目的 采用添加过渡层与同步复合电磁场方法,以降低轴承材料42CrMo表面激光熔覆铜合金涂层的孔隙率,提高其摩擦磨损性能。方法 在滑动轴承材料42CrMo表面熔覆铜合金,可以改善材料表面摩擦磨损性能并且降低制造成本,但铜与铁结合容易产生孔隙缺陷。本文通过添加过渡层以减少激光熔覆层的孔隙缺陷,基于正交试验设计对激光熔覆铜合金的工艺进行优化,研究了添加过渡层对熔覆层气孔的抑制作用。在此基础上,研究了电磁场对熔覆层组织与性能的影响。结果 最佳熔覆工艺为激光功率2 000 W,扫描速度2 mm/s,送粉速率8 g/min。通过添加Ni过渡层,熔覆层孔隙率最低可达0.1%,界面结合处无裂纹。无过渡层的熔覆层主要物相由α-Fe、(Fe,Ni)、Fe-Cr、α-Cu、CuNi2Sn、Cu41Sn11等组成;添加过渡层后熔覆层主要物相由α-Cu、CuNi2Sn、Cu41Sn11等组成,无球状富铁相,界面元素有明显过渡,结合良好。引入过渡层和电磁场后,组织呈弥散网状分布,优化后的熔覆层显微硬度为205.7HV0.3,干摩擦和油润滑条件下摩擦系数分别为0.367和0.118,磨损率分别为0.005×10-5 mm3·N-1·m-1和0.009×10-6 mm3·N-1·m-1,相比无过渡层试样降低了68.8%和35.7%,磨损形貌由黏着磨损转变为磨粒磨损。结论 过渡层的添加减少了因SnO2分解而产生的气孔,优化后熔覆层孔隙率显著降低,表层不含富铁相。电磁场产生的洛伦兹力会驱动熔体对流,促进成分均匀化。过渡层和电磁场的协同作用下,组织分布均匀,摩擦磨损性能大幅提升。
Abstract
In recent years, the "sliding instead of rolling" approach has become a new trend in wind power bearings to achieve cost reduction and efficiency improvement. However, sliding bearings are prone to fatigue spalling, abrasive wear, corrosion, melting and other failure forms when carrying. Cladding tin bronze on 42CrMo sliding bearing materials can enhance surface tribological properties while reducing manufacturing costs. However, direct Cu-Fe bonding tends to generate porosity defects. This study proposes employing a transition layer to mitigate pore formation in laser-clad coatings, while employing orthogonal experimental design to optimize the copper alloy cladding process. The transition layer significantly suppresses porosity in the cladding layer. Building on this approach, the influence of the electromagnetic field on the microstructure and properties of the cladding layer was thoroughly investigated.

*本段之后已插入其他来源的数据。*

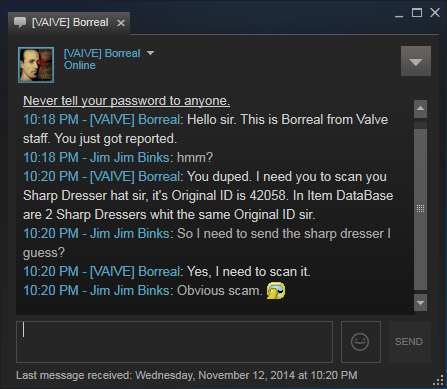 If people fall for the kind of obvious scamming tactics in that forum post then it really is their own fault. By refusing to bail people out of their stupidity, Valve ultimately is going to force stupid people to shape up and that will mean these incidents will go down eventually. Coddling people who fall for the simplest scamming tactics doesn’t help anybody, really.

By adopting the method of adding a transition layer and synchronously applying a composite electromagnetic field, the porosity of the copper alloy coating on 42CrMo bearing materials via laser cladding was reduced, thereby improving its friction and wear performance.
The substrate material was 42CrMo bearing steel with dimensions of 240 mm×25 mm×10 mm. The surface oxide layer was removed with an angle grinder and cleaned with ethanol. The cladding material employed was gas-atomized CuSn12Ni2 powder, which was dried at 110 ℃ before the experiment. Single-pass cladding layers were prepared at laser powers of 1 600, 1 800, and 2 000 W, scanning speeds of 2, 4, and 6 mm/s, and powder feed rates of 8, 10, and 12 g/min. Multi-pass overlapping samples were fabricated at the optimal parameters with a 20% overlap rate. The cross-sectional morphology of the cladding layers was examined with an optical microscope. The microstructure was characterized by scanning electron microscopy, while an energy-dispersive spectroscopy was employed to analyze the elemental composition and distribution. Phase identification was conducted via X-ray diffraction, and microhardness was measured with a Vickers hardness tester. Sliding wear tests were performed at room temperature with a friction-wear tester, and the coefficient of friction was recorded. The 3D wear profiles were analyzed with a laser confocal profilometer, and the wear rates were calculated.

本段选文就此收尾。